Didn’t have a problem with the time travel/paradox stuff; I don’t need to understand every aspect of it to get the gist. But, any film where I realize that the main character is going die, and I say “Oh, thank Og,” is not something I want to see again. Not saying that Donnie was annoying or I wanted him to die, but I’d rather have Gretchen live. She was the only character I cared much about. And I think it’s been a while since I saw a senseless death in a movie, so I was glad it ended up not happening after all. I didn’t dislike Donnie, but I’m not a big fan of the brooding-preppy-misfit-who’s-smarter-than-all-those-donkey-excavations archetype. I’d rather hang out with Napoleon Dynamite, and that’s no joke.
Also, I kind of felt bad for the teacher who was a Cunningham groupie. It seemed to me that she got drawn into his BS because she had no control over her life…and her obsession only made everything worse for her. That’s not mitigated by her getting Barrymore fired, incidentally, because I didn’t like her much either. I did like it that she (Barrymore) was flawed and not the saintly liberal teacher, but that just makes her someone I wouldn’t like IRL, so I wasn’t terribly upset on her behalf.
I feel manipulated right now, actually, being compelled like this to look up threads about the movie and then post my impressions. The underlying theme of time travel/parallel universes/whatever was okay, but the surface themes of preppy angst and evil in a supposedly idyllic community are ones I normally avoid. The brutality in and pessimism of the film hurt my enjoyment of the paranormal aspects, much the same way that the brutality in Untamed Heart hurt my enjoyment of that film’s love story.
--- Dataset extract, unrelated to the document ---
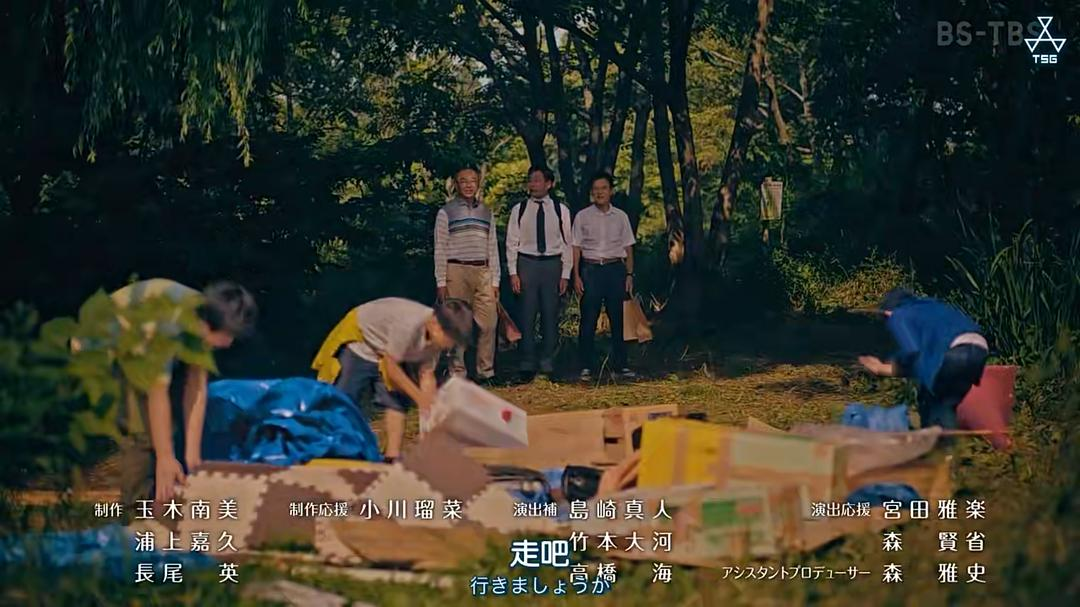嘿嘿,这集构思还挺巧妙的,来了个小小的插叙,开场先给你看一个绿林丛中纸箱和彩色帆布搭建出来的小帐篷。随后,再告诉你一周之前,三位大叔无意中在小树林里发现一块隐秘的空地,于是奇思妙想的他们决定利用纸板箱、儿童地垫搭建出一片属于他们的私密空间。

So I’ve seen it. I’m not sorry I’ve seen it, only because now I can understand any references to it, and now I know what all the fuss is about. But there’s no one scene that I found enjoyable, and I’m not crazy about the Gyllenhall sibs. I was glad when it was over, not because I thought it was bad, but because there’d been a payoff and I understood it and that was that. Now I’ll have to clear my brain before I watch A Raisin in the Sun, which I was recording on one machine while watching DD on another.
Also, about that commentary. Didn’t listen to it, but based on seemingly everyone concluding that the director doesn’t understand his own film, I’m thinking it must be one of two things. Either he cribbed the story from someone else and therefore can’t explain it (unlikely, because he’d have been sued by now and we’d have heard about it), or he did write it, but he just really, really sucks at explaining it. Some people write better than they talk, and he could have the same understanding of the film that the majority does, while lacking the capacity to convey it.